It’s become a tradition for Emilia Wickstead to cast friends for her pre-fall and resort lookbooks—and this season, she also invited along their dogs. (For some of her previous outings, Wickstead has also included their infants and toddlers—clearly that old saying about never working with children and animals isn’t a concern.) Writer Plum Sykes can be seen in a sleek, claret red one-piece cradling her beloved Twiglet; director Janicza Bravo poses in an emerald green knit holding up the glossy-maned spaniel Ted; and at the end, you’ll even find Wickstead herself in a paisley, pajama-inspired silk suit, proudly clutching her recently acquired pup Margot.
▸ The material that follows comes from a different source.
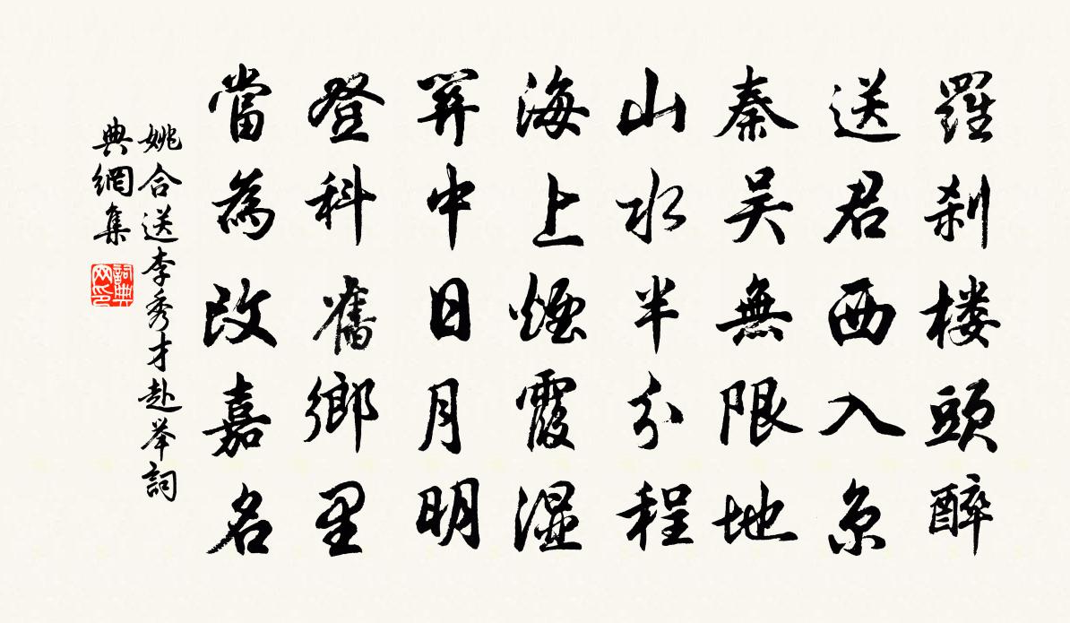詩詞名句歷史字典書法欣賞書法字典國語詞典說文解字康熙字典古漢語字典標 題 作 者 詩 句 送李秀才赴舉作者:姚合 朝代:唐代送李秀才赴舉原文羅剎樓頭醉,送君西入京。秦吳無限地,山水半分程。海上煙霞濕,關中日月明。登科舊鄉里,當為改嘉名。詩詞問答問:送李秀才赴舉的作者是誰?答:姚合問:送李秀才赴舉寫於哪個朝代?答:唐代問:送李秀才赴舉是什麼體裁?答:五律姚合送李秀才赴舉書法欣賞送李秀才赴舉書法作品注釋全唐詩:卷496-77詩詞推薦寄睦州朱少卿張伯玉〔宋代〕何幸鄉枌托使麾,憶曾淮澨見風儀。泉分龍岫成新釀,廟鎖瓊蕤換舊枝。二水清涵潭月夜,千峰晴卷雪雲時。向來送曹守司直二首劉克莊〔宋代〕莫作封君看,慈祥若父兄。化教虞芮遜,和了觸蠻爭。列戟猶森衛,曹裝忽趣行。要知莆俗厚,冠蓋送傾城。道間偶成周弼〔宋代〕彎彎田角路周遭,摘盡柔桑露淺蒿。無限寂寥門半掩,一車偏健夕陽繰。狐泉店前作白居易〔唐代〕野狐泉上柳花飛,逐水東流便不歸。花水悠悠兩無意,因風吹落偶相依。久病小愈,雨中端午試筆四首楊萬里〔宋代〕愛與陳玄酷作綠,餘波染指黑爛班。呼童汲水無來底,自掬垂檐一滴慳。題伯時畫松下淵明黃庭堅〔宋代〕南渡誠草草,長沙慰艱難。終風霾八表,半夜失前山。遠公香火社,遺民文字禪。雖非老翁事,幽尚亦可觀。松風周伯神喜神贊白玉蟾〔宋代〕方丈老仙客,寸心水一滴。雙臉紅硃砂,兩眼點黑漆。白須撫掌笑呵呵,白鶴一去無人識。題雲岫半閒堂用李涉韻趙必象〔宋代〕一塢白雲茅數間,歸與釣水采於山。寄聲靈徹休相笑,未必僧閒似我閒。寄贈夢英大師陶谷〔宋代〕是個碑文念得全,聰明靈性自天然。離吳別楚三千里,入洛游梁二十年。負藝已聞喧世界,高眠長見臥雲煙。相逢上元夜送沈伯時赴南康山長孫銳〔宋代〕十載從游吾道南,山齋苜蓿澹於甘。飛魚想得三台兆,待雪空餘□丈函。席冷幾番馴白鹿,羅傳此夜賦黃柑。太平古代文論選段佚名〔〕 《毛詩序》選段 詩者,志之所之也。在心為志,發言為詩。情動於中而形於言,言之不足故嗟嘆之,嗟嘆長思仙 贈零口權先生馬鈺〔元代〕出家兒。處無為。至死如同初出時。何愁道不知。內慈悲。外憨痴。絕慮忘機無執迷。刀圭有分攜。簡高澹軒姜竹野〔宋代〕西風籬下菊班班,想得吟肩正聳山。急遣曲生陪杖履,要傳好句出人間。慶長叔招飲一桮,未釂,雪聲璀然。即席走筆楊萬里〔宋代〕晚飲西鄰大阮家,天風吹雪入檐牙。呼僮淨掃青苔地,莫遣纖塵涴玉花。過小妓英英墓楊虞卿〔唐代〕蕭晨騎馬出皇都,聞說埋冤在路隅。別我已為泉下土,思君猶似掌中珠。四弦品柱聲初絕,三尺孤墳草已枯。蘭質到岩豅寺勸農魏杞〔宋代〕五事忽來此,今朝天氣新。溪山渾是句,樽酒可無人。幽鳥空驚夢,殘花不當春。飄然又歸去,明月滿衣巾。甘州子顧夐〔唐代〕一爐龍麝錦帷傍,屏掩映,燭熒煌。禁樓刁斗喜初長,羅薦繡鴛鴦。山琴上,私語口脂香。每逢清夜與良晨,多悵題范寬臨流獨坐圖何權〔宋代〕茅堂結構背江乾,日日愛看江上山。箕踞盤陀吟未穩,不知身在畫圖間。出關後寄賈島周賀〔唐代〕故國知何處,西風已度關。歸人值落葉,遠路入寒山。多難喜相識,久貧寧自閒。唯將往來信,遙慰別離顏。過芙蓉嶺對鏡嶺羊斗嶺新嶺塔嶺賦短歌五首方回〔宋代〕平生所聞芙蓉嶺,上如攀天下入井。老乃來游殊不然,褰裳頃刻升絕頂。南逾大庾鷓鴣啼,北度居庸朔風緊。客行名句推薦願春暫留,春歸如過翼。周邦彥《六醜·落花》 富貴本無根,盡從勤里得。馮夢龍《醒世恆言·卷三十五》 心似雙絲網,中有千千結。張先《千秋歲·數聲鶗鴂》 賢能不待次而舉,罷不能不待須而廢。荀子《荀子·王制》 三載重陽菊,開時不在家。文森《九日》 君子耳不聽淫聲,目不視邪色,口不出惡言荀子《荀子·樂論》 望斷金馬門,勞歌采樵路。孟浩然《田園作》 歲月騖過,山陵浸遠范曄《後漢書·列傳·光武十王列傳》 燕雀安知鴻鵠之志。司馬遷《史記·陳涉世家》 海上眾鳥不敢飛,中有鯉魚長且肥。岑參《熱海行送崔侍御還京》

“If I said to you, ‘I’m shooting women with their dogs,’ it probably doesn’t sound like the most tasteful way to campaign my clothing and collection,” said Wickstead, laughing. “But I enjoyed that there was a bit of an ironic twist to it.” (And if you needed further confirmation 2024 was the year of the Dogue, well, here you have it.)
It wasn’t just the cheering presence of those four-legged friends, however, that lent Wickstead’s resort its charm. For inspiration, she turned to the work of Karen Knorr, whose trio of photography books published throughout the 1980s take a sideways look at the aesthetic signifiers of the British class system, capturing both the fusty upper crust in their St. James gentleman’s clubs and the more bohemian milieu to be found in pockets of West London. Wickstead’s spin on this theme saw her take many of the classically British motifs she’s known for—ditzy florals, Prince of Wales checks, chunky knits—and lend them a more playful, whimsical twist. “There’s a sense of nostalgia there in the textiles and the prints, but then I wanted to translate that into very modern shapes and silhouettes,” she said.
Many of the otherwise more restrained looks—a pretty column dress in baby blue worn by philanthropist Noella Coursaris, say, or Sykes’s green sleeveless number—came trimmed with delicate crystal and pearl trims that added a little sparkle. An especially rich, tactile detail were the 3D abstracted florals punched into double satin, creating an offbeat effect Wickstead likened to the crinkling of a dress’s fabric when you pull it out of a box. Those hints of razzle-dazzle also served as a nod to the 1980s, and Wickstead’s memories of her mother’s wardrobe during that period. With the collection’s touches of full-throttle ’80s glamour mixed with tweedy English eccentricity, it was hard not to be reminded of the recent release of Rivals, the splashy Hulu adaptation of Jilly Cooper’s racy novel from the same period set among the well-to-do who inhabit the fictional county of Rutshire. “Obviously I didn’t watch it before I designed this collection, but it does feel fitting, in a way,” Wickstead added. “I’m in the middle of it right now, and I’m slightly obsessed.” If there were a real Rutshire set shopping for glamorous gowns next summer, one imagines the feeling would be mutual.